WHAT THE TASK ASKS ::
What is needed is an exact reproduction of the lines in the records below, starting at the line with "Handgefertigte Wegeleuchte, Beetleuchte" and ending at the line with "パラジウム採掘生産業界の20", both included, and nothing else; pictures stay out.

EXTRACTED MATERIAL ::
================
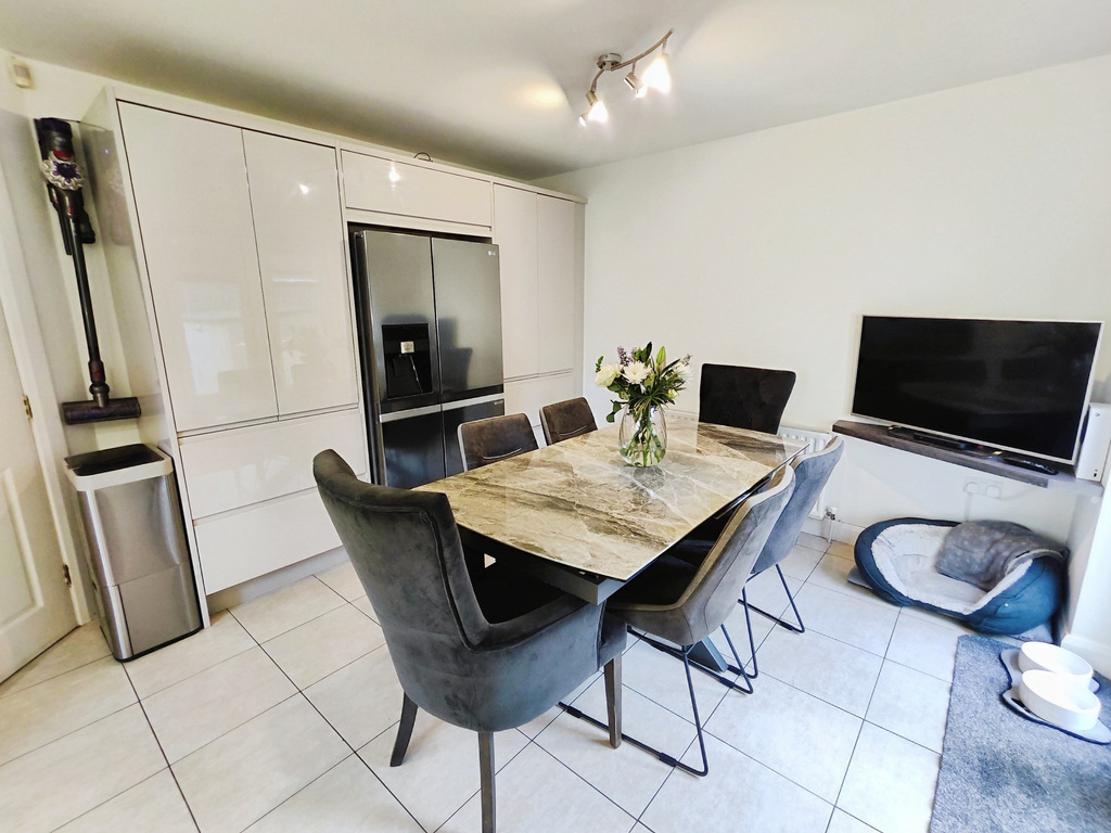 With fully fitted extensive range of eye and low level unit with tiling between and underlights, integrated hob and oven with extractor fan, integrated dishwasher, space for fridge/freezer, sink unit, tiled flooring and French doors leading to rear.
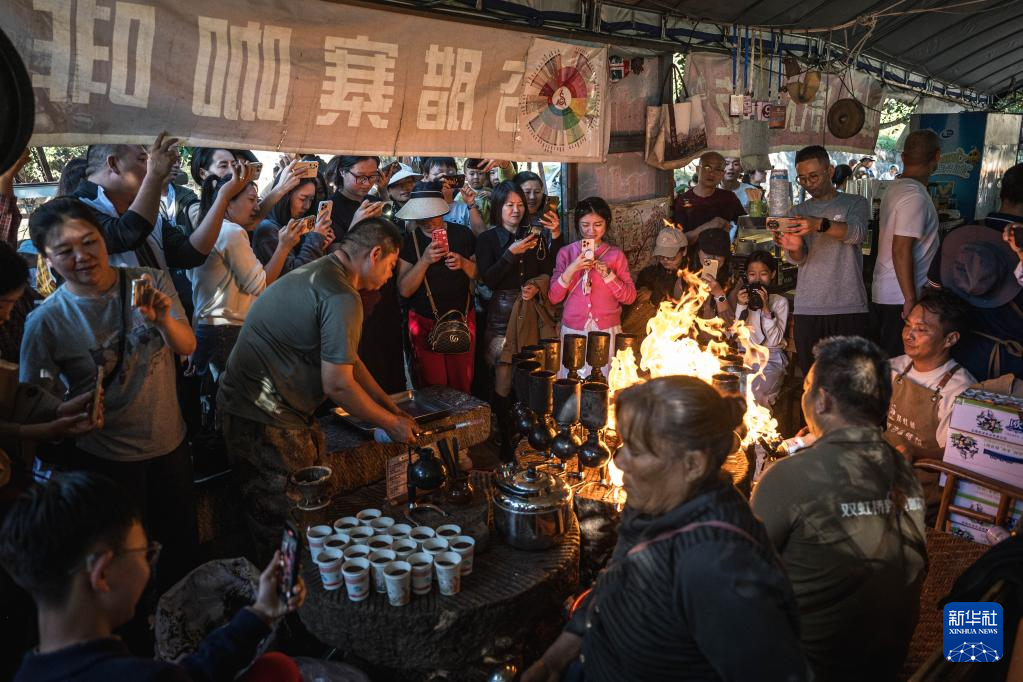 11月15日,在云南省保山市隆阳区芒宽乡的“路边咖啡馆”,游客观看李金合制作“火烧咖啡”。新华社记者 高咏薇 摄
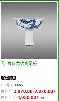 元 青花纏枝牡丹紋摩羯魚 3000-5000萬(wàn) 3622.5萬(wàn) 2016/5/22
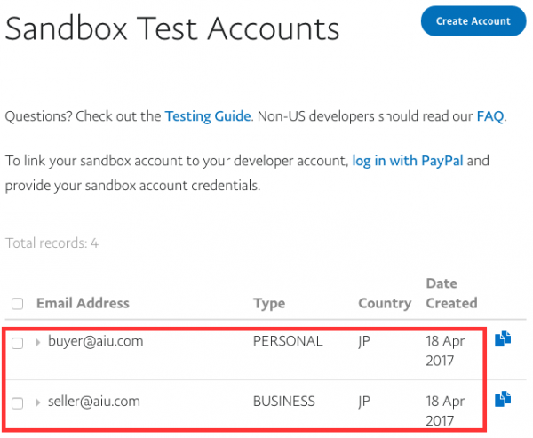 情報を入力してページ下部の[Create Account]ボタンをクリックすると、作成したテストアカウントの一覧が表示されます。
================
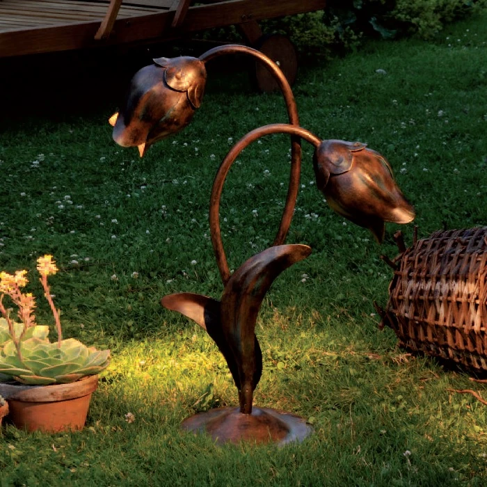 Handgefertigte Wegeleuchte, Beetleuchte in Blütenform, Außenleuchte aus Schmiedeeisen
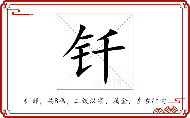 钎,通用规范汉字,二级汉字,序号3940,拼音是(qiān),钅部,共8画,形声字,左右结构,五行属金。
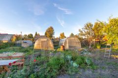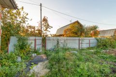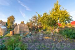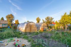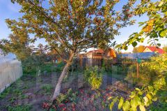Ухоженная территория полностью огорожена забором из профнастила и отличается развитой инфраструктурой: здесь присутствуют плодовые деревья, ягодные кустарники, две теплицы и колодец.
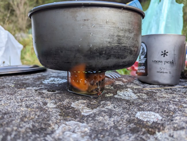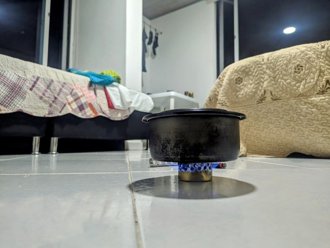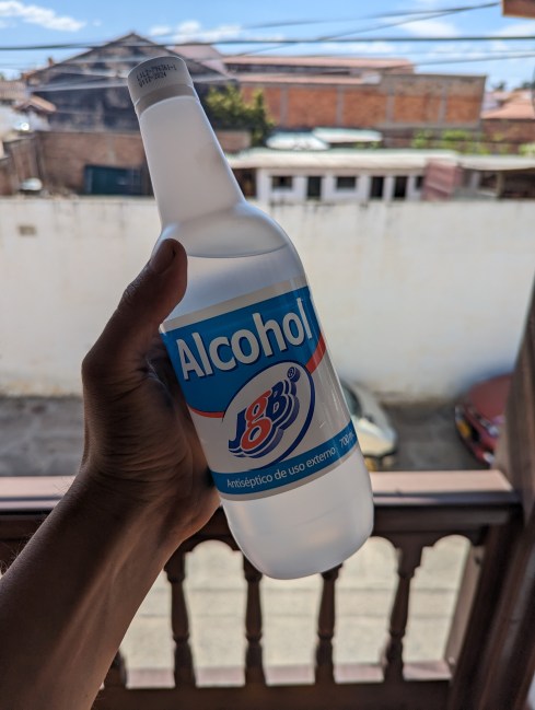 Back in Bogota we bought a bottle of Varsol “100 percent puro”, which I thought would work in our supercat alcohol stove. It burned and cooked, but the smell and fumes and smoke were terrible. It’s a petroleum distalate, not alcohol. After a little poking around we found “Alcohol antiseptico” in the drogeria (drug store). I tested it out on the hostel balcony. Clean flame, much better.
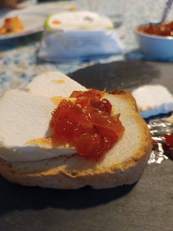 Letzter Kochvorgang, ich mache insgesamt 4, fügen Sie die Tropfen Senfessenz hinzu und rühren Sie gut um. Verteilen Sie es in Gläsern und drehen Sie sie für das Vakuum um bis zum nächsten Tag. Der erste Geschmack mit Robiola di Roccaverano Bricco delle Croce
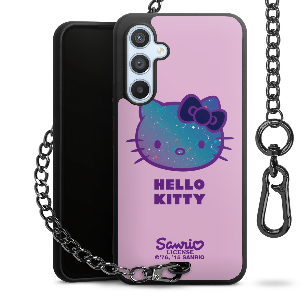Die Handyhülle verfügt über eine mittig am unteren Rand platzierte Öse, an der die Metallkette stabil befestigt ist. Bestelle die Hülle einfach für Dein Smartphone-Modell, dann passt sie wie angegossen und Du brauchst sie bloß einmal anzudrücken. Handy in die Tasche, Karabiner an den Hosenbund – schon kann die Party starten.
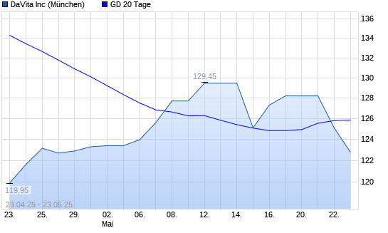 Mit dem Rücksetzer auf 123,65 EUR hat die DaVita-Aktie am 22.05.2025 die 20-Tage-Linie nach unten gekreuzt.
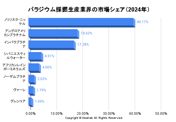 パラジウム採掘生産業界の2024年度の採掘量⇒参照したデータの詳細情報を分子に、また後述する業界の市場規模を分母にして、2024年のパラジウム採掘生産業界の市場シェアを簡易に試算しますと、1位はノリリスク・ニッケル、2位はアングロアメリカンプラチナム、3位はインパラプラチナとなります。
================
ANSWER FOR THE TASK ::
 Handgefertigte Wegeleuchte, Beetleuchte in Blütenform, Außenleuchte aus Schmiedeeisen
 钎,通用规范汉字,二级汉字,序号3940,拼音是(qiān),钅部,共8画,形声字,左右结构,五行属金。
Ухоженная территория полностью огорожена забором из профнастила и отличается развитой инфраструктурой: здесь присутствуют плодовые деревья, ягодные кустарники, две теплицы и колодец.
 Back in Bogota we bought a bottle of Varsol “100 percent puro”, which I thought would work in our supercat alcohol stove. It burned and cooked, but the smell and fumes and smoke were terrible. It’s a petroleum distalate, not alcohol. After a little poking around we found “Alcohol antiseptico” in the drogeria (drug store). I tested it out on the hostel balcony. Clean flame, much better.
 Letzter Kochvorgang, ich mache insgesamt 4, fügen Sie die Tropfen Senfessenz hinzu und rühren Sie gut um. Verteilen Sie es in Gläsern und drehen Sie sie für das Vakuum um bis zum nächsten Tag. Der erste Geschmack mit Robiola di Roccaverano Bricco delle Croce
Die Handyhülle verfügt über eine mittig am unteren Rand platzierte Öse, an der die Metallkette stabil befestigt ist. Bestelle die Hülle einfach für Dein Smartphone-Modell, dann passt sie wie angegossen und Du brauchst sie bloß einmal anzudrücken. Handy in die Tasche, Karabiner an den Hosenbund – schon kann die Party starten.
 Mit dem Rücksetzer auf 123,65 EUR hat die DaVita-Aktie am 22.05.2025 die 20-Tage-Linie nach unten gekreuzt.
 パラジウム採掘生産業界の2024年度の採掘量⇒参照したデータの詳細情報を分子に、また後述する業界の市場規模を分母にして、2024年のパラジウム採掘生産業界の市場シェアを簡易に試算しますと、1位はノリリスク・ニッケル、2位はアングロアメリカンプラチナム、3位はインパラプラチナとなります。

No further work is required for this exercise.